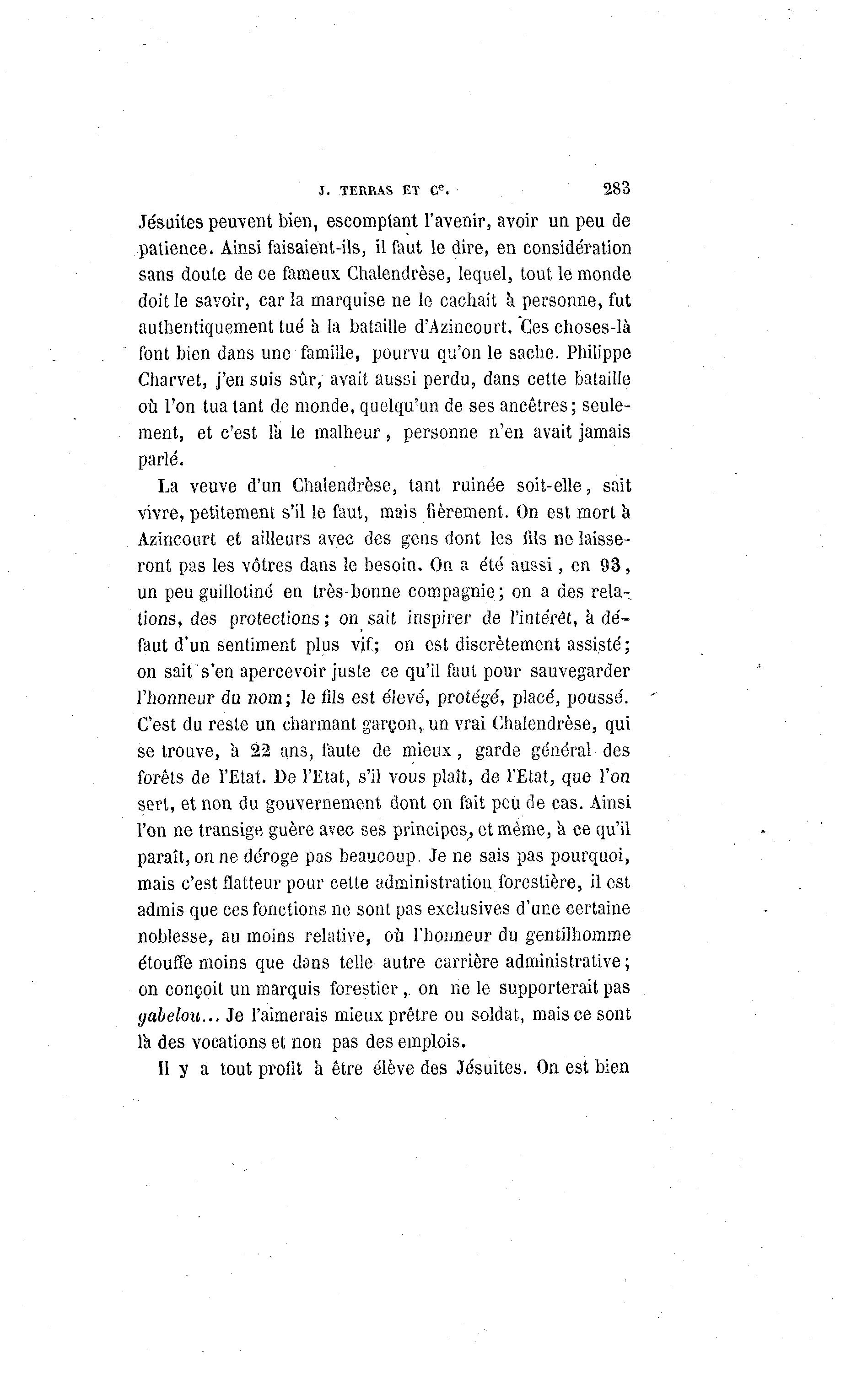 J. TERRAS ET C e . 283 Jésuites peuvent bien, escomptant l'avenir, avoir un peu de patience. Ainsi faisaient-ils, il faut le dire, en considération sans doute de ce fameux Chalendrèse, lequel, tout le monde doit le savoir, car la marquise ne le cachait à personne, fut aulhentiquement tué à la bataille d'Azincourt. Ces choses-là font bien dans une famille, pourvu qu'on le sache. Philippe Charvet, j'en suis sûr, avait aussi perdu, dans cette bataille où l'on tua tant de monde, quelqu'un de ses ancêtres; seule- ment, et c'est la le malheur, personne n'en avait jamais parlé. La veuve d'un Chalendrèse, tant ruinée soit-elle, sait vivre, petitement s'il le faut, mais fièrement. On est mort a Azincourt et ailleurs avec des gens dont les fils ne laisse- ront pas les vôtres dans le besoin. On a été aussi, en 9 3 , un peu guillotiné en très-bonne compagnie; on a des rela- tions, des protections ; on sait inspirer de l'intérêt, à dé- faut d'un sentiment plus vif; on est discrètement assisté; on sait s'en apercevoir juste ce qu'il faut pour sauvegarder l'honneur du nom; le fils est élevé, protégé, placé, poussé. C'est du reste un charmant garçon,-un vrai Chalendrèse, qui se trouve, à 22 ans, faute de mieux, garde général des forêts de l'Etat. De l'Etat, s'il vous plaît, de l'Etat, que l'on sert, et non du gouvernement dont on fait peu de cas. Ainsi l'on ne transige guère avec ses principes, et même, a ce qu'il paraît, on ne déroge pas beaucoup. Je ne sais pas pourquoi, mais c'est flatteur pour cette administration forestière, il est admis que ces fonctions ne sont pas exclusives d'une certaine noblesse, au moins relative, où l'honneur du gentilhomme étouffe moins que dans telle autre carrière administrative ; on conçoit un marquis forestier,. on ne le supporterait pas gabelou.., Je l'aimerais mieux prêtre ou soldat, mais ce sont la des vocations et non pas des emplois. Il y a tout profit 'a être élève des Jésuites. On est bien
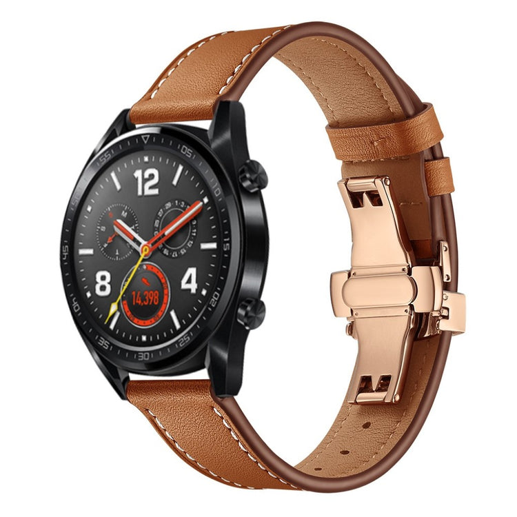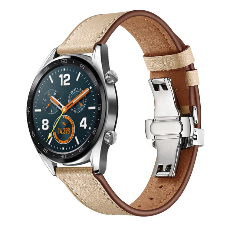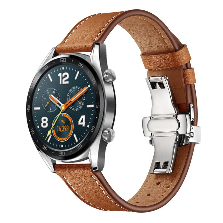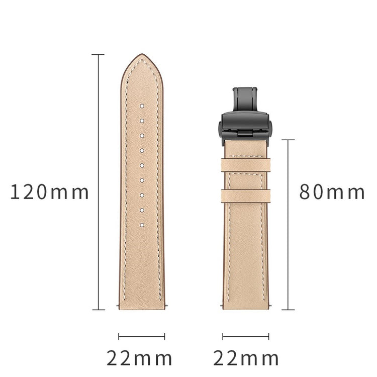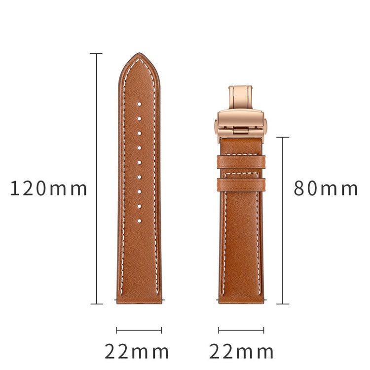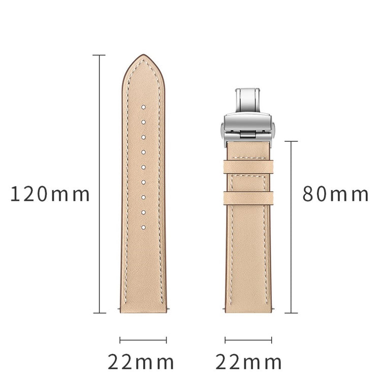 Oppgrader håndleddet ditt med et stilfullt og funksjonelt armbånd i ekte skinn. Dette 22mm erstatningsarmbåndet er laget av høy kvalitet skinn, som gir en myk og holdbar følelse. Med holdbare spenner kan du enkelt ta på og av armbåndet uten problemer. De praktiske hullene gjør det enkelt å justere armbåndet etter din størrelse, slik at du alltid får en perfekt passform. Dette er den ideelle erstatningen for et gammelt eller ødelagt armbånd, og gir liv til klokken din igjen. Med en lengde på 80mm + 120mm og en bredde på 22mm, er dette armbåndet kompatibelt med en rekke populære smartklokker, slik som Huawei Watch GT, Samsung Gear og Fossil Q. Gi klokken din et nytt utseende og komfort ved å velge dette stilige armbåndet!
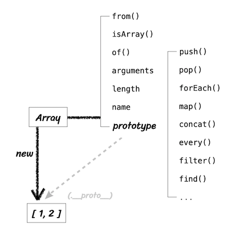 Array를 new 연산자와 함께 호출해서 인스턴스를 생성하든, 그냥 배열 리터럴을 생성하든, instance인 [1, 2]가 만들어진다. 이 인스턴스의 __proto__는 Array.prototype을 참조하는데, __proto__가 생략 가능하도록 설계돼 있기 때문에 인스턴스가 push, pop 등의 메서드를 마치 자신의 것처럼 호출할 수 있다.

++++++

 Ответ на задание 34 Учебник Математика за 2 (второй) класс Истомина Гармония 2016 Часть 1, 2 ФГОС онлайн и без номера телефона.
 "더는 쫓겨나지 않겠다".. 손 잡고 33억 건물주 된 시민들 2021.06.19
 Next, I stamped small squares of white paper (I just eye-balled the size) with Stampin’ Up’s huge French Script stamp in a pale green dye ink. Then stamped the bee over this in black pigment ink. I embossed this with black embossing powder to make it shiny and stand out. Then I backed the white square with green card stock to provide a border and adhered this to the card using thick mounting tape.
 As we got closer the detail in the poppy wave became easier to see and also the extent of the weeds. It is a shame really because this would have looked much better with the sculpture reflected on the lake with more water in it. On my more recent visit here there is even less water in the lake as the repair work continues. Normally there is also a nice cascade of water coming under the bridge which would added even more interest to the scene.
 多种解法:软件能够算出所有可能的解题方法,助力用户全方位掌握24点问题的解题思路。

++++++

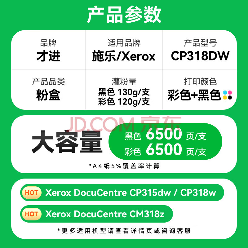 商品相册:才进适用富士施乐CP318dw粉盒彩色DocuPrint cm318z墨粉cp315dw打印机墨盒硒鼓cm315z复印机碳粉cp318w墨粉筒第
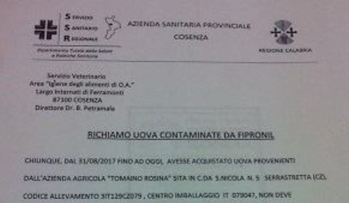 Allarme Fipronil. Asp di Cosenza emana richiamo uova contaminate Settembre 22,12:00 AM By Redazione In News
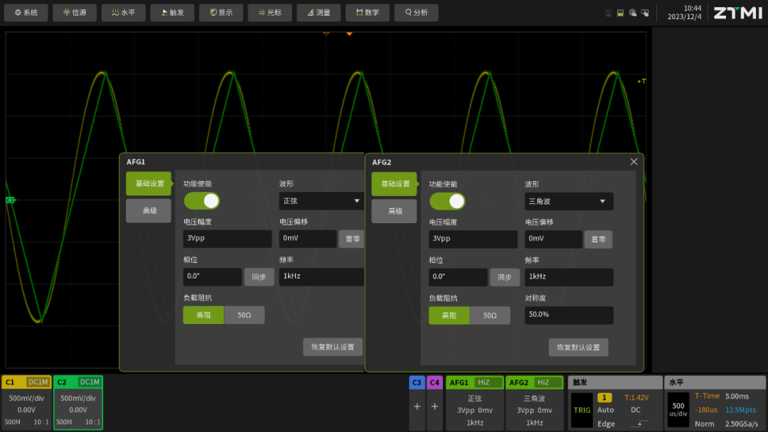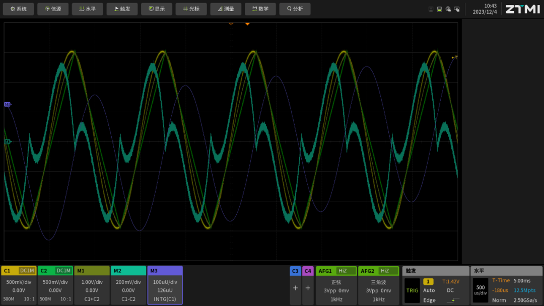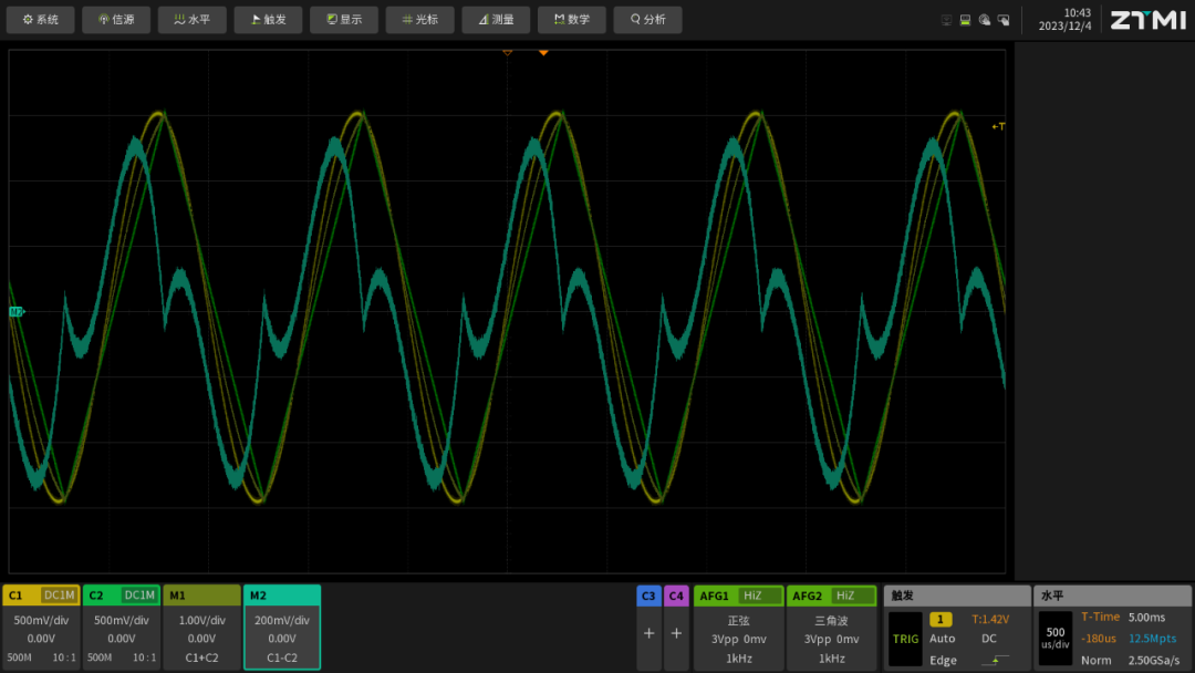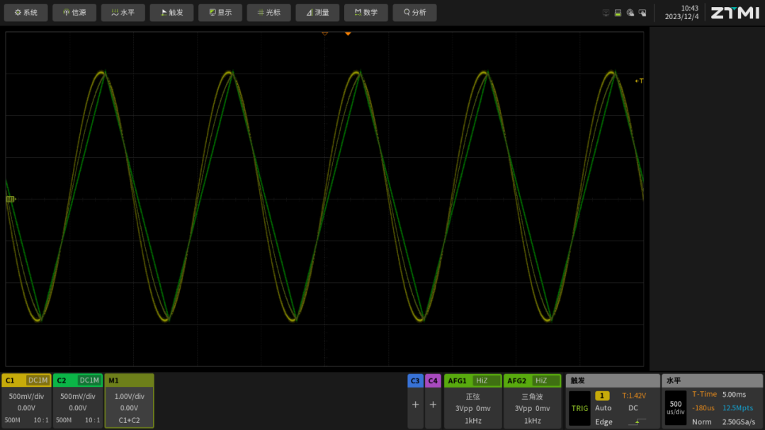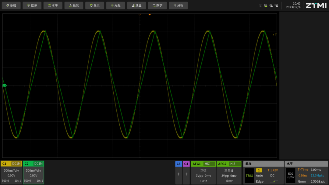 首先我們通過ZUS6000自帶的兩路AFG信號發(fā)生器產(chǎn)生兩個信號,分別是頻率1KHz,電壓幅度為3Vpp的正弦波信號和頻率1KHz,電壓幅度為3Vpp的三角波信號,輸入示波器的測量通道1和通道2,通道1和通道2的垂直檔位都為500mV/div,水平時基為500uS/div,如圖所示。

++++++

» TASK DETAILS: Write out exactly the lines above between the line with "Ответ на задание" and the line with "多种解法:软件能够算出所有可", inclusive, and nothing beyond them.

» TASK SOLUTION:
 Ответ на задание 34 Учебник Математика за 2 (второй) класс Истомина Гармония 2016 Часть 1, 2 ФГОС онлайн и без номера телефона.
 "더는 쫓겨나지 않겠다".. 손 잡고 33억 건물주 된 시민들 2021.06.19
 Next, I stamped small squares of white paper (I just eye-balled the size) with Stampin’ Up’s huge French Script stamp in a pale green dye ink. Then stamped the bee over this in black pigment ink. I embossed this with black embossing powder to make it shiny and stand out. Then I backed the white square with green card stock to provide a border and adhered this to the card using thick mounting tape.
 As we got closer the detail in the poppy wave became easier to see and also the extent of the weeds. It is a shame really because this would have looked much better with the sculpture reflected on the lake with more water in it. On my more recent visit here there is even less water in the lake as the repair work continues. Normally there is also a nice cascade of water coming under the bridge which would added even more interest to the scene.
 多种解法:软件能够算出所有可能的解题方法,助力用户全方位掌握24点问题的解题思路。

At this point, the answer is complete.